LINTAS-KHATULISTIWA.COM Pangkep – Sabtu, 10 Mei 2025 – Di tengah medan pegunungan Pangkep yang terjal, seorang anggota Laskar Merah Putih, Ichal (35), mengais rezeki, bukan lewat konflik, tetapi lewat tradisi lama memanen madu hutan. Ichal, warga Kampung Baru di Kel. Labakkang Kec. Labakkang Kab. Pangkep, telah mengelola dan mendapatkan madu asli langsung dari sarang lebah liar yang berada di pegunungan selama bertahun-tahun, menunjukkan potensi pertumbuhan ekonomi yang signifikan di masyarakat.
Menurut investigasi Lintas-khatulistiwa.com, proses pemanenan madu Ichal merupakan bukti dedikasi dan keterhubungannya dengan alam. Untuk mengumpulkan emas cair yang berharga itu, Ichal melakukan ekspedisi tiga hari ke jantung pegunungan Pangkep, berkemah di dalam hutan selama musim puncak panen madu.
Ichal tidak mengerjakan tugas berat ini sendirian. Ia bekerja sama erat dengan keluarganya, yang tinggal di daerah pegunungan Pangkep, memanfaatkan pemahaman mendalam mereka tentang lingkungan setempat dan praktik pemeliharaan lebah tradisional.
Selama tiga hari menjelajah hutan, Ichal biasanya mengumpulkan sekitar 40 liter madu mentah. Sekembalinya ke Labakkang, ia dengan hati-hati mengemas madu tersebut dan menjualnya seharga Rp 150.000 per botol (335 ml), yang menjadi sumber pendapatan yang berharga bagi keluarganya.
Keberhasilan usaha madu Ichal menunjukkan potensi ekonomi yang signifikan dari pemanenan madu hutan secara berkelanjutan di Kabupaten Pangkep. Namun, untuk mewujudkan potensi penuh industri ini diperlukan dukungan, terutama dari lembaga pemerintah.
Ketua Laskar Merah Putih Markas Cabang Kab. Pangkep Aco Paranrang berharap, Pemerintah daerah, khususnya Dinas terkait Kab. Pangkep, dapat memainkan peran penting dalam membina sektor yang sedang berkembang pesat ini. dan dapat memeberikan dukungan pelatihan dan lokakarya kepada para pemanen madu lokal tentang praktik terbaik dalam pemeliharaan lebah berkelanjutan, pengelolaan madu berkualitas, dan pemasaran produk yang efektif.

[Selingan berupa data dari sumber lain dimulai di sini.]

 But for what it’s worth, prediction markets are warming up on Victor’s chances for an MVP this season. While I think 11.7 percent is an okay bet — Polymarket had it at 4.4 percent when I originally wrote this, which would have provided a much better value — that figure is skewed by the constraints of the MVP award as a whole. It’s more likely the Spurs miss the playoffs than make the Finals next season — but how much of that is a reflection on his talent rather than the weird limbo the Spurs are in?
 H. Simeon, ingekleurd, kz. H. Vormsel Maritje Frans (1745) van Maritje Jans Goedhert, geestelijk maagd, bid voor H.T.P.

Juga, memfasilitasi akses ke pasar yang lebih besar melalui kampanye promosi dan kolaborasi dengan pengecer dan distributor. Ini akan membantu produsen lokal seperti Ichal menjangkau basis konsumen yang lebih luas dan meningkatkan penjualan mereka.

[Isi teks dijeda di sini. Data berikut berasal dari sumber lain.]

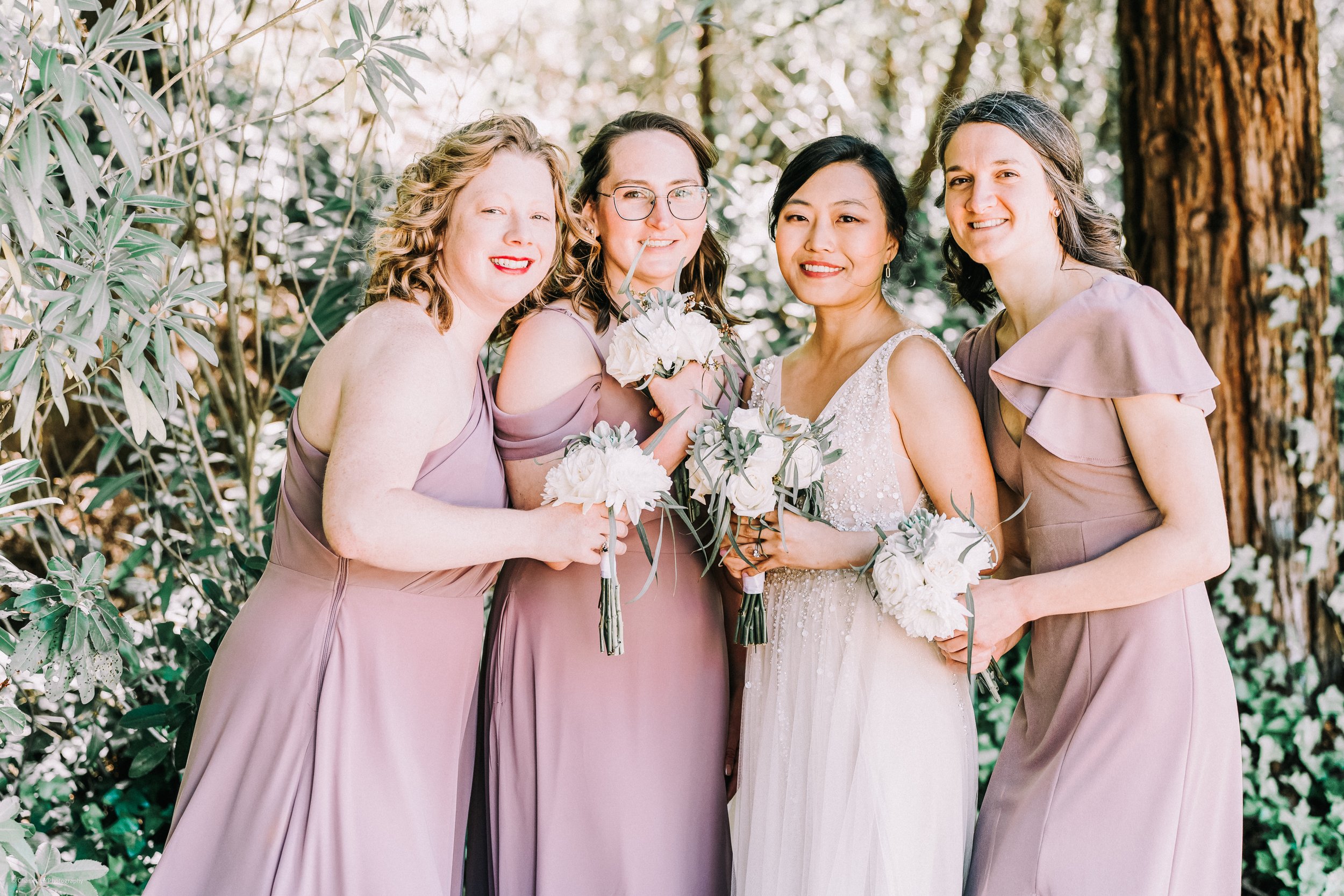 For the bridesmaids, I gave everyone a lot of room for creativity. I knew I wanted a mauve color scheme so I gave them all the shade and asked that they get a dress in as close to the color as they can with the only caveat being that the dresses be maxi-length and not a silky/shiny material. The three of them, in about an hour, picked their dresses from Birdy Grey. They confirmed the color with me and picked three different dresses they liked. I still can’t believe how quickly and efficiently that dress meeting took! They all looked lovely!
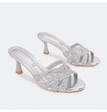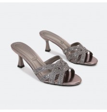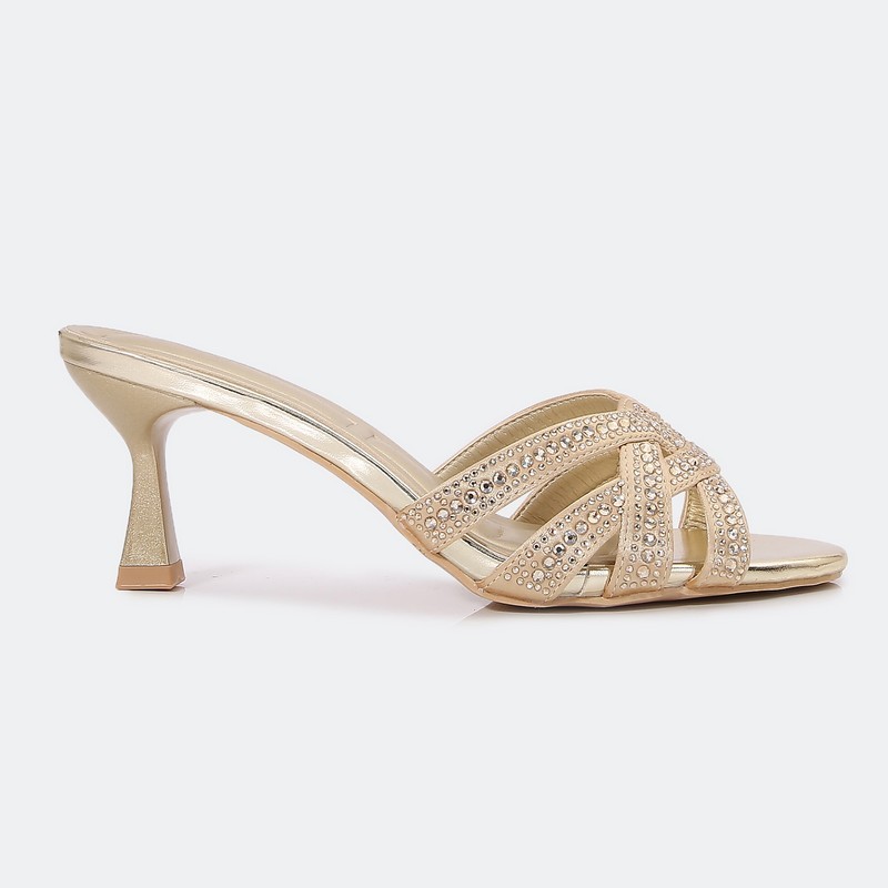 سيصبح هذا النعال بكعب 5 سم المفضل لديكِ , تصميم فخم ذو مقدمة مفتوحة مزين بحبات الستراس , يمكن تنسيقه مع إطلالات مختلفة

Dengan dukungan dan sumber daya yang tepat, pemanenan madu hutan dapat menjadi landasan ekonomi masyarakat Pangkep yang berkelanjutan, memberdayakan keluarga setempat, dan melestarikan warisan alam yang unik di wilayah tersebut. Kisah Ichal adalah bukti dari peluang indah yang dapat ditemukan di jantung pegunungan Pangkep.